The anxious attacher may feel like ending the relationship was unwarranted. Therefore, they may try to figure out ways to get back together with their partner and restore the attachment bond. However, doing so often leads to cycles of making up and breaking up.

What’s more, not only might the anxious attacher experience a loss of identity as they may be willing to change who they are in an attempt to coerce their partner into reuniting, but it also reduces their chances of being able to move on with their lives and establish a relationship in which they feel safe and secure.

4. Rumination & jealousy

Anxious attachers are prone to preoccupation with why the breakup occurred in the first place. Although this is quite a common reaction for most people, anxious attachers may struggle to get past this stage and their hypervigilant behaviors and anxious attachment jealousy may even be triggered. As a result, they experience intense distress and may even be prone to jealous and aggressive behavior towards their ex-partner.

The anxious attacher may also overanalyze their own behavior during the relationship, as well as that of their ex-partner, in an attempt to find answers to why the breakup occurred in the first place.
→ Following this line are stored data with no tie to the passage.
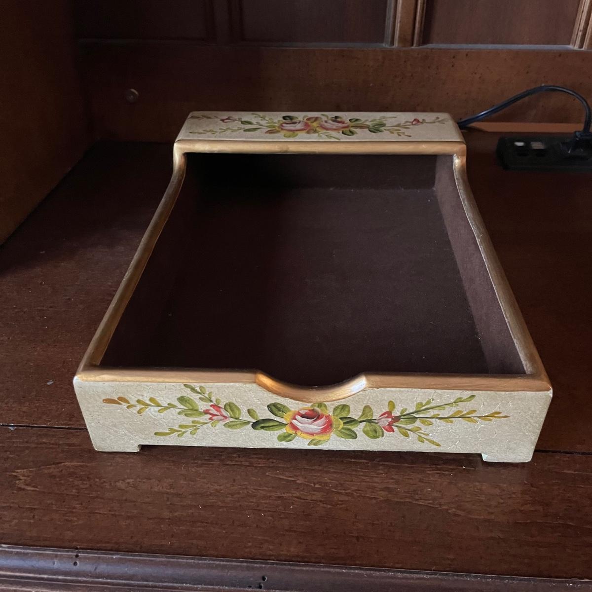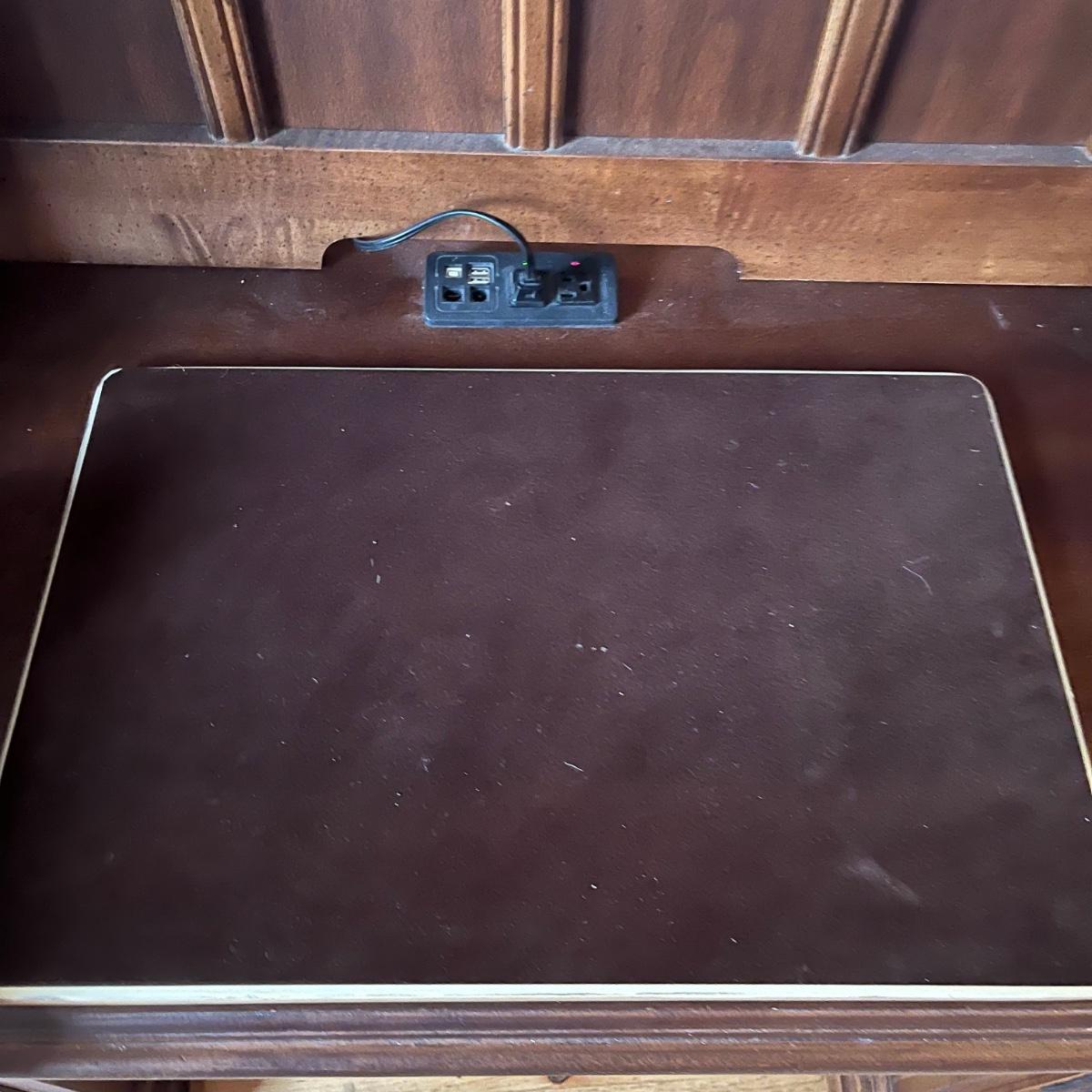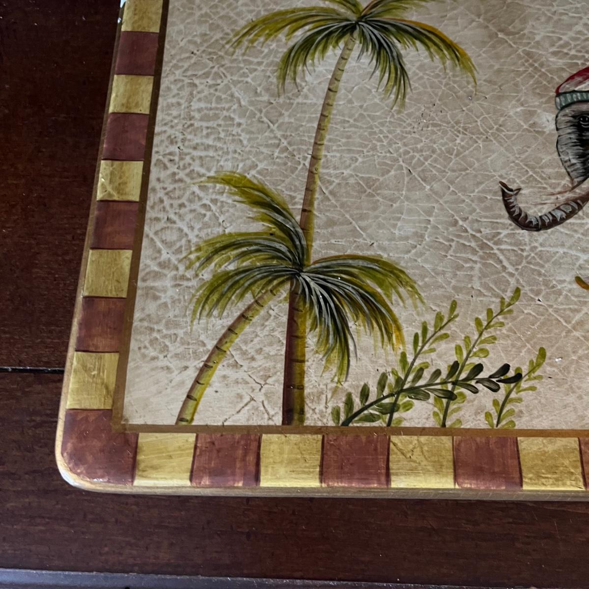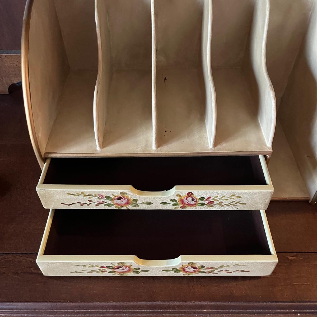 Lot contains an elephant design desk set that includes file holder with two drawers, paper holder, pen holder and a writing board. Pieces appear to be made of MDF. File holder measures 18.5” x 10” x 12.5”. Credenza not included.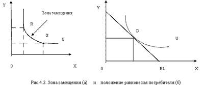 На кривой безразличия зона замещения обозначена отрезком RS (рис.4.2а). Взаимная замена благ Х и Y имеет смысл только в пределах отрезка RS. Вне отрезка замена исключается. Два блага выступают как независимые друг от друга.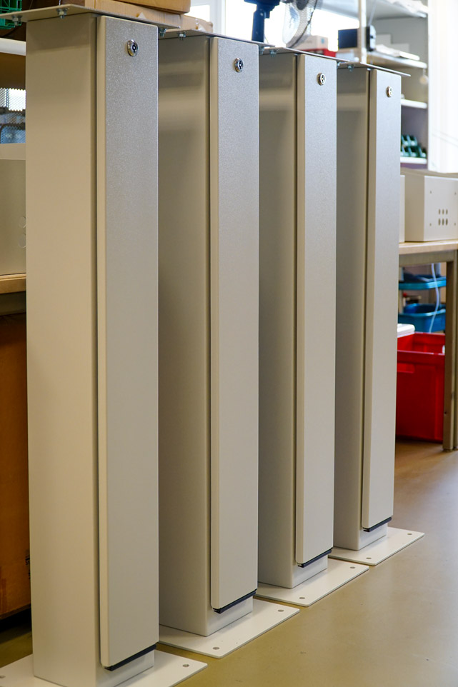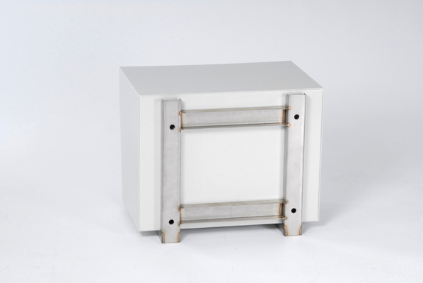 Gehäuse und Standfüße aus beschichtetem Edelstahl.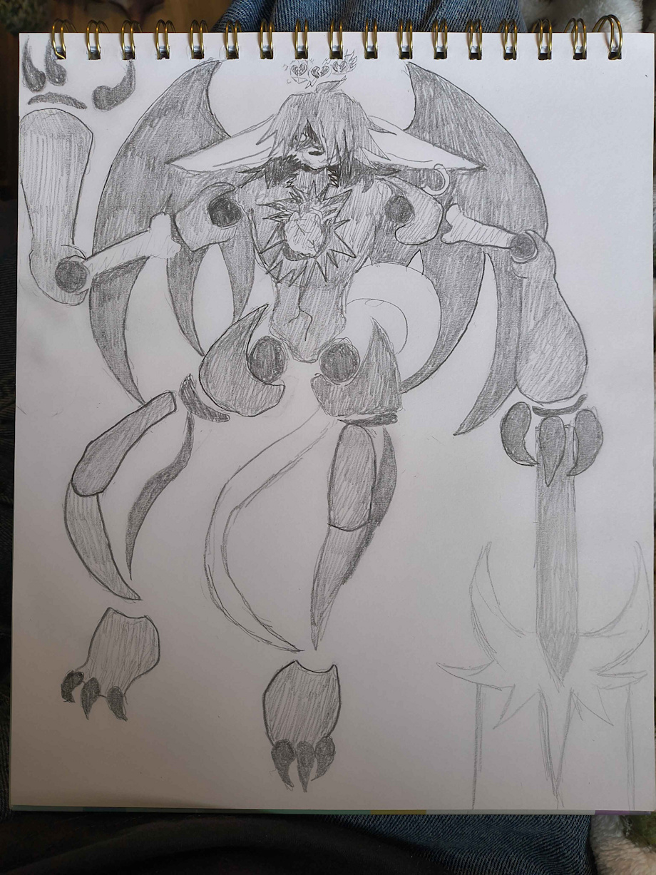A sketch I did a while back of Joltie if he were like a boss from a dotHack game, with some extra edge (the exposed heart). Probably the most badass, edgy thing I've sketched in a long time. lol

Having said as much, there actually are positives to how an anxious attacher handles breakups…

Three benefits of having an anxious
attachment style in breakups

Many people report the negatives after a breakup with a romantic partner; prolonged feelings of upset, difficulties sleeping, intense emotions such as sadness and anger, taking care of ourselves less, and an overall decline in life satisfaction are common reactions.

However, not many people discuss the potential positives of a relationship ending – but there’s much to suggest that there’s truth to Frederich Nietzsche’s adage: “That which does not kill us makes us stronger,” as those of us high in attachment anxiety may be able to evolve for the better after a breakup in contrast to those high in attachment avoidance.

I. Personal growth & positive change

People high in attachment anxiety appear to be able to see the silver linings of a breakup and are thus able to grow from the experience. This personal growth may be due to how anxious attachers emotionally respond in the direct aftermath of a breakup:

An anxious attacher’s enhanced distress after a breakup promotes brooding and reflection on the relationship and why it ended, potentially offering them a sense of insight into what went wrong and why. Their tendency towards low self-esteem and negative self-perceptions may cause the anxious attacher to blame themselves for the breakup and potentially motivate them towards positive change. In other words, an anxious attacher’s intense focus on their personal downfalls and how they affected their relationship may help them confront their issues and process them.

II. Moving on & establishing new connections

People high in attachment anxiety may be able to move on from past relationships quicker than those high in attachment avoidance.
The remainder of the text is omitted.